Kaikua, the Make-A-Wish recipient, wished to have his family’s 2008 Toyota Tacoma pickup truck restored. With support from Par Hawaii, Make-A-Wish orchestrated an overhaul of the truck that included major upgrades to the suspension from Top Notch Automotive, a new sound and alarm system from Car Stereo Specialists, and body work and a paint job from the Hawaiʻi CC students.
The big reveal took place on December 5 outside the Afook-Chinen Civic Auditorium in Hilo. After Kaikua and his family arrived to a cheering, sign-waving crowd, the truck was driven into view from its hiding place and the keys were presented to Kaikua.
“I’m so grateful that they did it,” said Kaikua. “It came out really, really good. And to all those that did ‘em, they’re all legends.”
The reveal was the culmination of long hours in the ABRP shop where students stayed as late as 3 a.m. to make sure the project was done on time and done well.
We wanted to do everything to the best of our ability. That’s why we took so much pride and enjoyed every ounce of it. It just meant something very special to us.
Kyren Martins, a Hawaiʻi CC student who worked on the truck, said the project felt important because Kaikua is about the same age and is going through such a big challenge.

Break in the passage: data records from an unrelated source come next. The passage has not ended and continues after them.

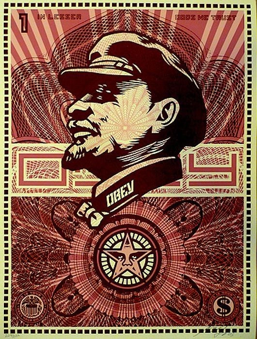 А вот этот пласт ленинианы самый интересный, на мой взгляд. Это работы западных, в первую очередь американских художников. Для них Ленин обычно — это харизматичный чувак, типа Че Гевары. Ничего более. Тем интересней глядеть, что у них получилось, потому что над его образом они не изгаляются (в отличие от современных российских авторов), а просто его трактуют, своим западным, соврисковым языком.
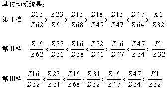 本調(diào)速箱采用全齒輪傳動(dòng),軸端均由滾動(dòng)軸支承,終端由蝸輪付輸出。箱體由上下箱體組成,下部為齒輪箱,上部為蝸輪箱。上箱殼有觀察孔,油路指示圖可觀察蝸付的運(yùn)轉(zhuǎn)情況。機(jī)內(nèi)可通過(guò)換檔手柄撥動(dòng)三聯(lián)齒輪進(jìn)行三檔變速。由于采用雙速電機(jī),因此終端輸出可有六種速度。
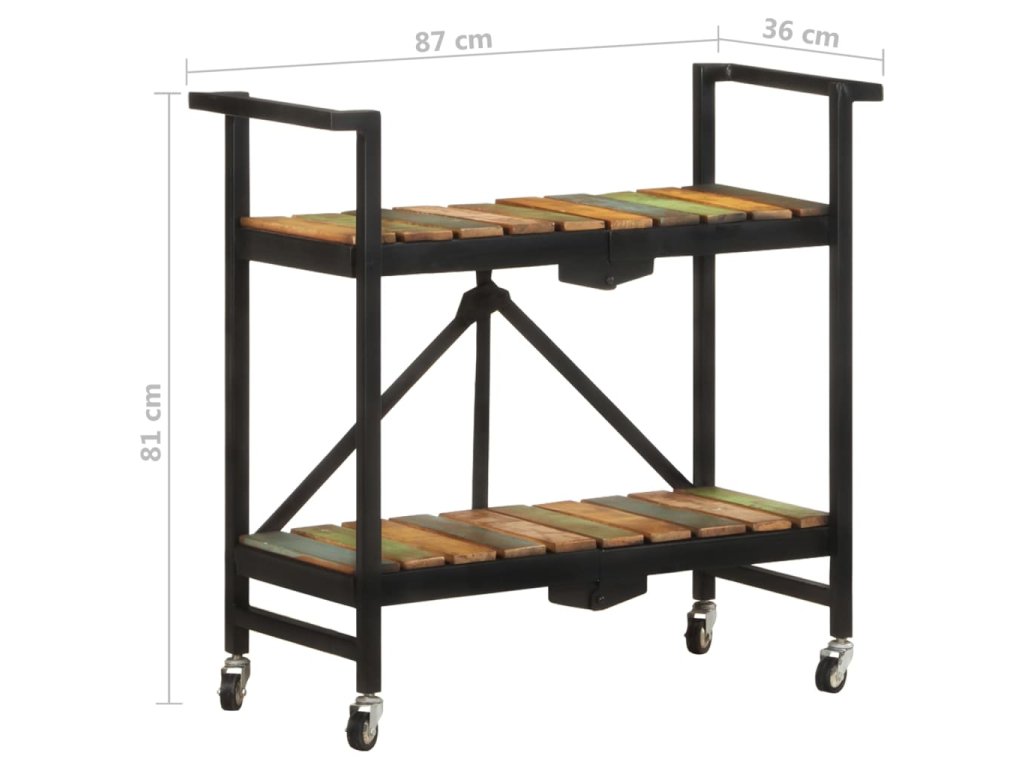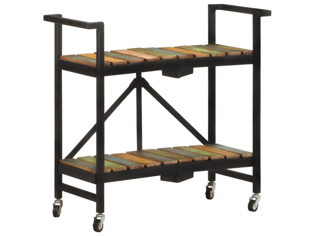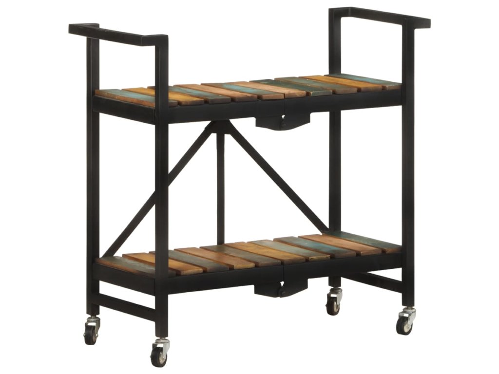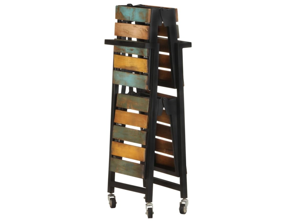 Kuchynský vozík je vyrobený z recyklovaného masívu, ktorý pochádza z trámov, podláh a nosníkov zo starých zbúraných stavieb a pozostáva z rôznych typov dreva, ako napríklad tíkového, tvrdého, tropického či mangovníkového dreva. Recyklované drevo sa preto vyznačuje vlastnosťami týchto typov dreva. Recyklované drevo je staré, zvetrané a usušené, a preto sa nezmršťuje ani neohýba. Pevnosť dodáva aj oceľový rám s práškovým nástrekom. Tento skladovací vozík má 2 priehradky na uloženie potravín, fliaš a ďalších potrieb na dosah ruky. Vďaka skladaciemu designu je možné policový vozík ľahko uložiť, keď sa nepoužíva. Kuchynská polica je navyše vybavená flexibilnými kolieskami pre ľahké posúvanie.
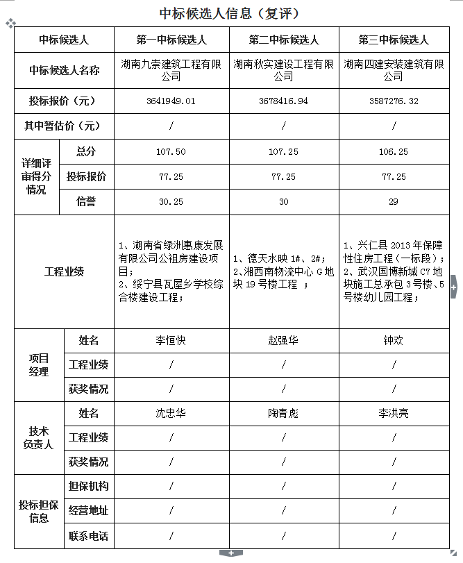 羅市鎮(zhèn)中心完小1#、2#教學(xué)樓建設(shè)項(xiàng)目 招標(biāo)投標(biāo)信息公示表(復(fù)評(píng))
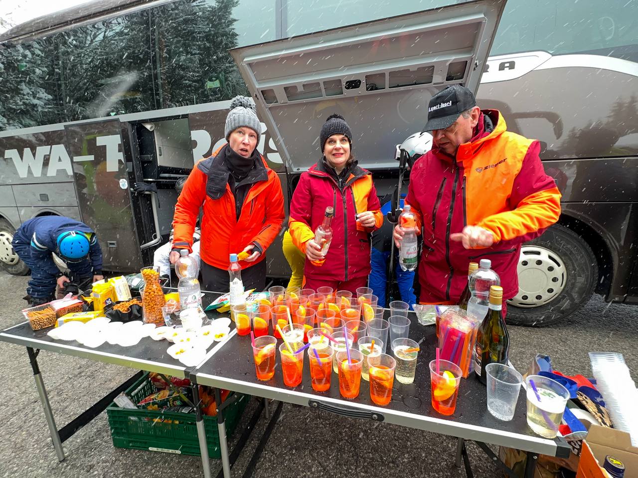 Am 06.03.2024 um 23:00 Uhr geht es los. Stefan fährt auch mit und wir treffen uns traditionell um kurz vor 22:00 Uhr in der Hotelbar gegenüber der Sport-Insel zum Startup. Pünktlich sind wir dann am Treffpunkt an der Sport-Insel. Nach kurzer Begrüßung der anderen Mitfahrer, es sind doch einige bekannte Gesichter dabei, geht es pünktlich los. Da einige Teilnehmer mit dem eigenen PKW anreisen, ist genügend Platz im Bus für eine „bequeme“ nächtliche Anreise nach Landeck.
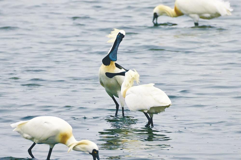黑脸琵鹭是国家一级重点保护野生动物,因其扁平如汤匙状的长嘴,与中国乐器中的琵琶极为相似,因而得名;亦因其姿态优雅,又被称为“黑面天使”或“黑面舞者”。近年来,黑脸琵鹭已成为条子泥湿地的常客。它们轻车熟路地降落在鱼虾丰富的水域,修长的双腿在水中来去自如,形如琵琶的黑色鸟喙在水里精准地捕食美味。
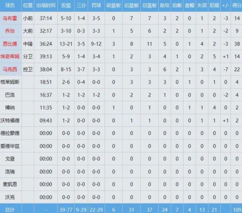 数据上一目了然,恩比德38分11板5助打爆唐斯为首的尼克斯内线群,无奈空砍。
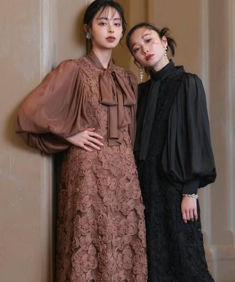 首元のリボンは巻き方次第で表情が変わり、エレガントな雰囲気を添えてくれます。

“It was kind of emotional,” Martins said. “Honestly, it was stressful at times but in the end…we wanted to do everything to the best of our ability. That’s why we took so much pride and enjoyed every ounce of it. It just meant something very special to us.”
The students did everything from the initial evaluation to repairing the body panels, the bed and the tailgate and replacing fasteners. They also painted the truck in Toyota’s cement grey and gave it a twist by adding a sunbeam gold pearl midcoat followed by a clear coat and a ceramic coating for protection.
Eye opening experience
The ABRP program offers associate degrees that train students to work in collision repair and other related fields. The two professors in the program, Garrett Fujioka and Colby Koreyasu, are both alumni and worked in the industry before returning to teach.
Fujioka said the project was a valuable experience for the students that tested their knowledge.
“It’s a big experience for them, because they can work together in teams, they see the goal they want to reach, and there is a deadline,” said Fujioka.
The collaboration with Top Notch and Car Stereo Specialists also opened students’ eyes to all the career possibilities.
“I’ve heard a lot more talk from the students about avenues of entrepreneurship, employment and apprenticeship,” said Koreyasu. “I think it just adds to their passion for the automotive industry.”